This is a simple software design problem in LeetCode. So according to problem we have to create a datastruccture which will return the kth_largest element every time we add element in this datastructure.
Intutive Approach
This soltuion can be pretty intutive just insert the new element and sort the list in reverse order and return the array the K index element.

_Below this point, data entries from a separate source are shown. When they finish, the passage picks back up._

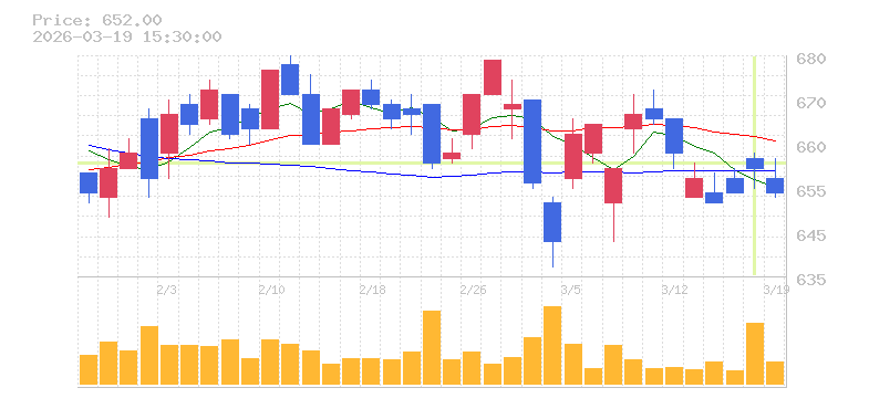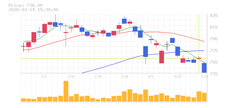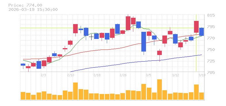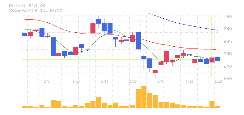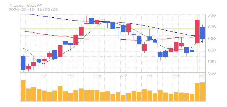 | +16.30% | 2.55倍 前日: 49,006,700 今日: 125,195,100 | 90 ※検知後推定 上昇出来高 39,317,200 下降出来高 26,767,100 +12,550,100 | 陽線 始:640.5 高:713.4 安:640.2 乖:11.38% vwap:687.3 stop:680.4 - 15:59 AI診断 | |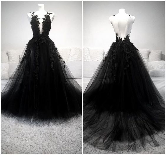 Spaghetti Straps Black Lace Wedding Dresses A Line Gothic Wedding Gowns Side Split Sexy Bridal Dress with Open Back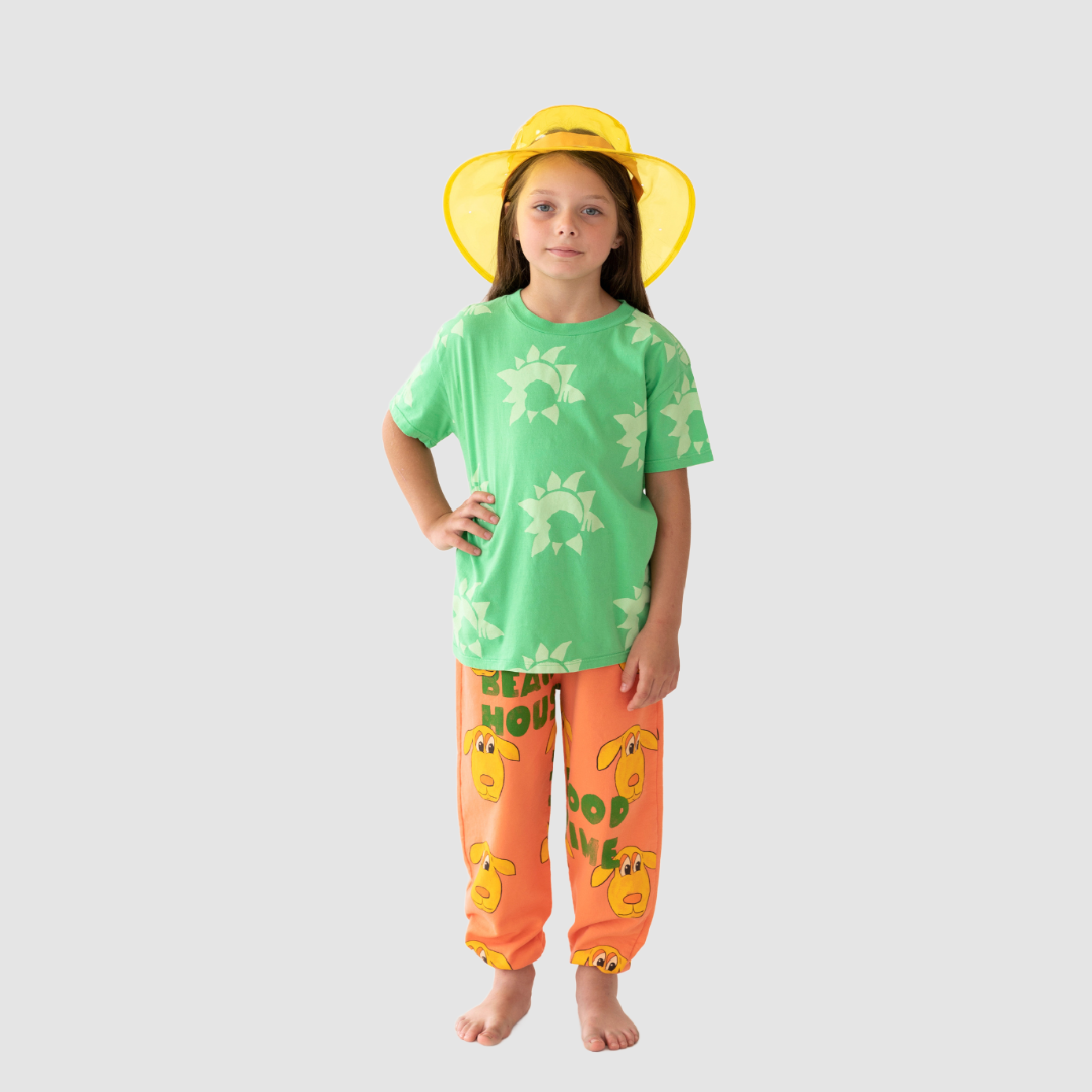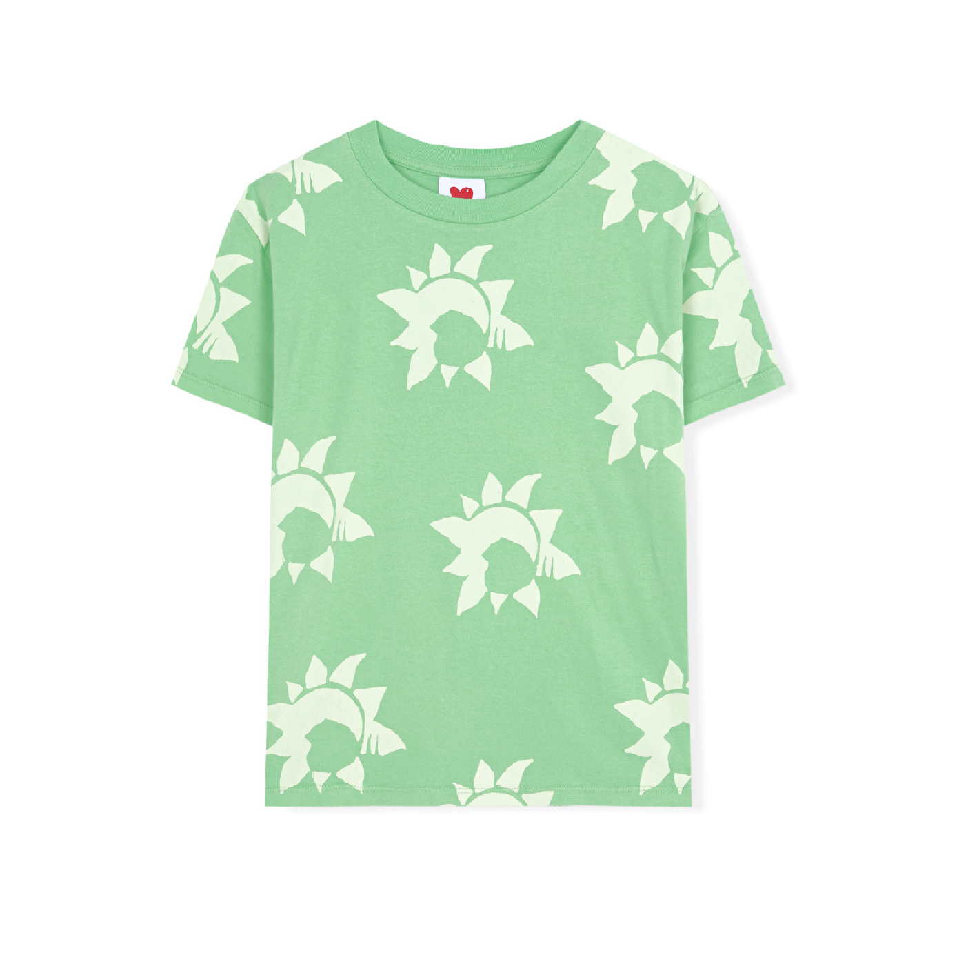 A relaxed fit tee shirt with an all over sun print on a green base and a round neckline. Model in photo is wearing a size 8 years (4'1" tall).

The code would look like this:
class kthLargest:
def __init__(self, k: int, nums: list[int]):
self.k = k
self.nums = nums
def add(self, n: int) -> int:
self.nums.append(n)
self.nums.sort(reverse=True)
if len(self.nums) >= self.k:
return self.nums[k-1]
else:
return self.nums[-1]
Time Complexity: O(nlog(n))
Space Complexity: O(n)
Using Priority Queue
Now the previous solution is fine and great but this can be improved by using Priority queue. In Priority queue removing smallest elements takes O(1) time. So if you read the question we just need to store the top K largest element every time a new element is added.
Now the approach should be clear that every time new data is added we remore the smallest element until the size of heap is same as k or smaller. And finally return the last element in the array.
The code look like this:
import heapq
class KthLargest:
def __init__(self, k: int, nums: list[int]):
# Initialize the class with k and a list of integers
self.k = k
self.heap = nums
# Convert the list into a min-heap using heapq.heapify
heapq.heapify(self.heap)
# Keep only the k largest elements in the heap
while len(self.heap) > self.k:
heapq.heappop(self.heap)
def add(self, n: int) -> int:
# Add the new element to the heap
heapq.heappush(self.heap, n)
# Ensure that the heap maintains the k largest elements
while len(self.heap) > self.k:
heapq.heappop(self.heap)
# Return the current kth largest element, which is the smallest in the heap
return self.heap[0]
Time Complexity: O(n)
Space Complexity: O(n)
Hope this helps you understand this prbolem.